Jason has had a lot of weird shit happen to him over the years but a woman tracking him down as Red Hood to propose a temporary political marriage so he can be regent of a death dimension until her brother is old enough to rule in his own name is a new one for him. Of course he accepted. The only other option was apparently a creepy uncle figure. He's read enough romance to know a forced marriage of a woman to her creepy uncle never ends well. A forced marriage of a woman to a crime lord doesn't usually end much better, but he's ignoring that for now. He's going to woo and romance his spit fire of a wife with respect, spontaneous poetry, his damn good cooking, and by not being a Darcy. And he is going to rock not just this whole regent thing, but also and more importantly the mentoring her brother and his new ward on how to rule this dimension. Competence is always attractive. He runs a tight ship in his crime empire, surely running a dimension can't be that much harder.
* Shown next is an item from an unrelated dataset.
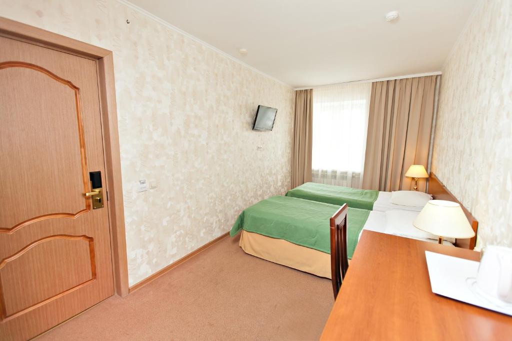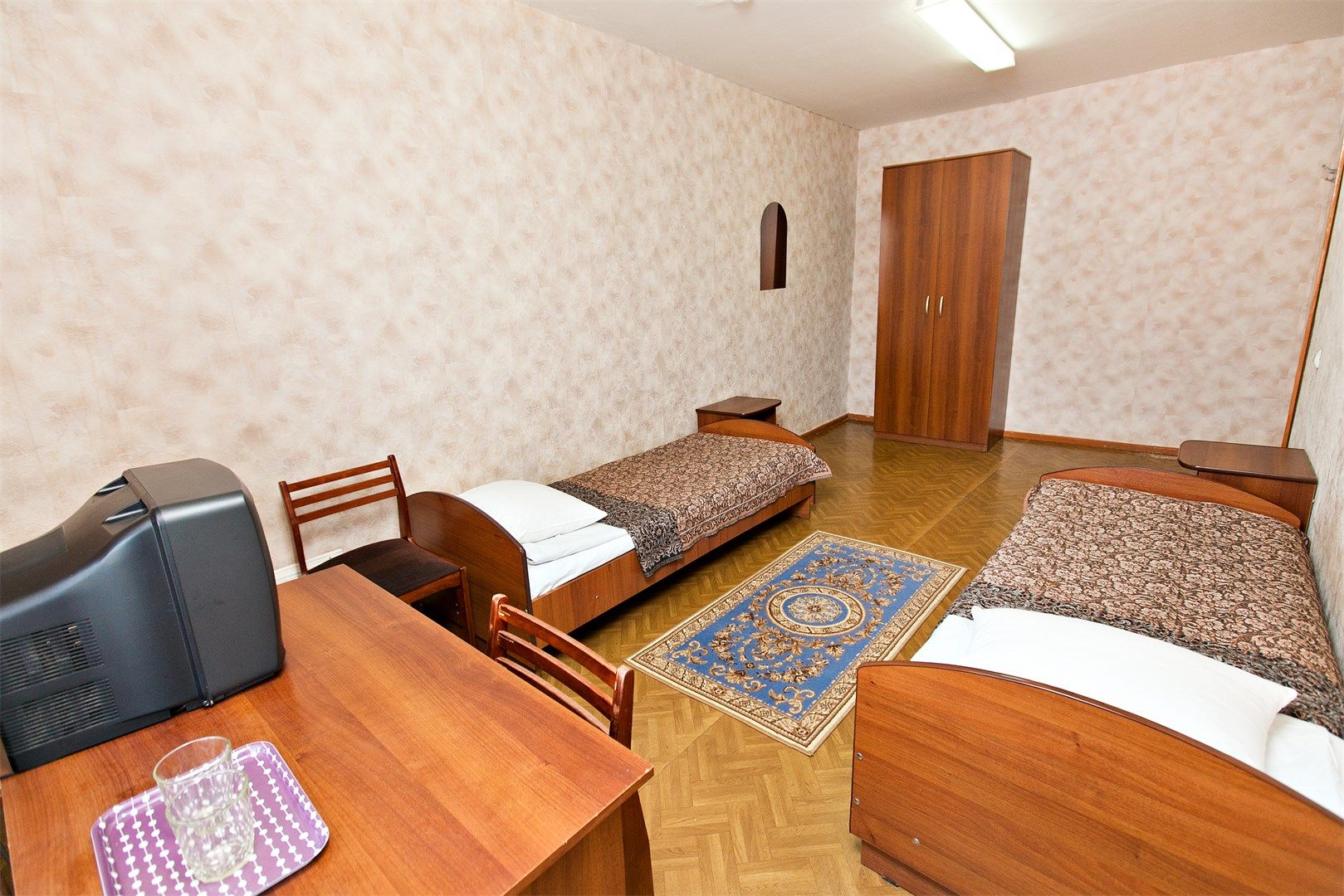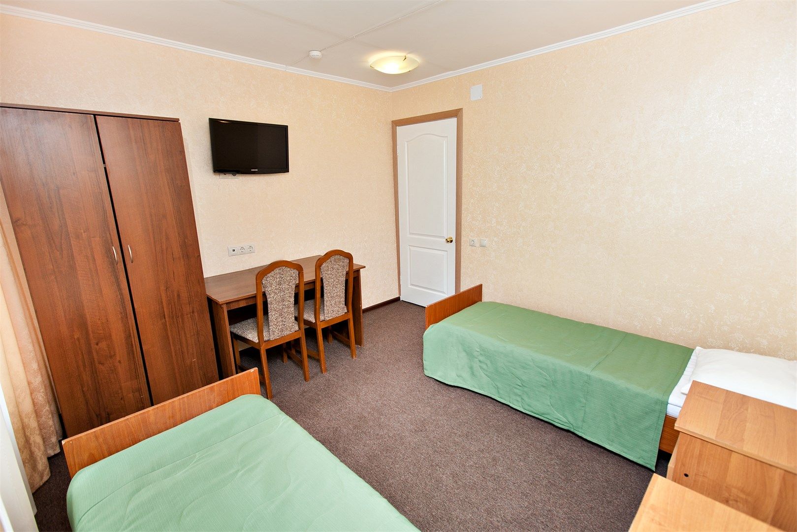 В номере: вешалка, зеркало, кровати односпальные, стол, стулья, телевизор, холодильник, электрочайник

He actually already has a plan on how he's going to handle the whole 'The USA declared war on the dimension he's regent of' thing. It's simple really he goes to the next family dinner and causes chaos. The faces everyone will make will be glorious when he drops that he's lord regent of a dimension, the USA is at war with his dimension, and it's such a shame that no one can meet Jason's wife or ward till there is a peace treaty. Then he just needs to sit back and watch the entertainment as his siblings realize he has forever won the position of favorite child by being the first married and first to give Bruce a grandkid. Also you know the chaos of Bruce willing to wage a one man war if necessary so he can meet his grandson. Jason figures it will take at most a month for the government to cave.
And like a cherry on top he's going to get on a medical treatment plan for the pit. Everything is looking great for him.